Later, I tested the two structures 1.1 and 1.2 respectively, and directly rejected structure 2, because I found that the IO consumption accounted for more than 98% of the total consumption in the test, and structure 2 undoubtedly could not achieve absolute performance advantages due to a single piece of data.
- 1.1
- Storage size 10M
- Fetch all data 8000+ms
- Select * from findOne; select * from find;
- Other 20ms (findOne and find comparison results)
- 1.2
- Storage size 10M
- Fetch all data 7500+ms
- A full table query
- The rest of the time
Structure 2 is a death sentence if the data is not taken at the millisecond level, because a single pixel change in this structure requires storing the entire image data
To be honest, this test result was a little difficult for me to accept. I asked several people I knew why the backend performance was so poor and if there was a solution, but nothing came of it.

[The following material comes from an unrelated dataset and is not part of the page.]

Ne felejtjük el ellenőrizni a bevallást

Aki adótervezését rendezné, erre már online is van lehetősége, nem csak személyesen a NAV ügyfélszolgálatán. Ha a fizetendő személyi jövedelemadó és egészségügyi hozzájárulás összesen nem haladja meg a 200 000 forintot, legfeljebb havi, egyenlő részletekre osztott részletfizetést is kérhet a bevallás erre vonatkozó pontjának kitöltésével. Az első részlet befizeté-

To make matters worse, the test was performed on my desktop computer with an i7 CPU, and when I put the test environment on a single-core server, the time to fetch the full table was multiplied by 10. Fortunately, if you want to think about a problem for a long time, even if you just think about this problem daze sometimes, you can always burst out a few ineffable inspiration. One of the key things I came up with was that the data could only be taken out and put into memory when the service started, and the database and the in-memory copy of the data could be changed simultaneously when the pixels changed, so development continued. In the end, I chose the 1.1 structure for reasons related to “data transfer” below.
const mongoose = require('mongoose')
let schema = new mongoose.Schema({
index: {
type: Number.index: true
},
r: Number.g: Number.b: Number
}, {
collection: 'dots'
})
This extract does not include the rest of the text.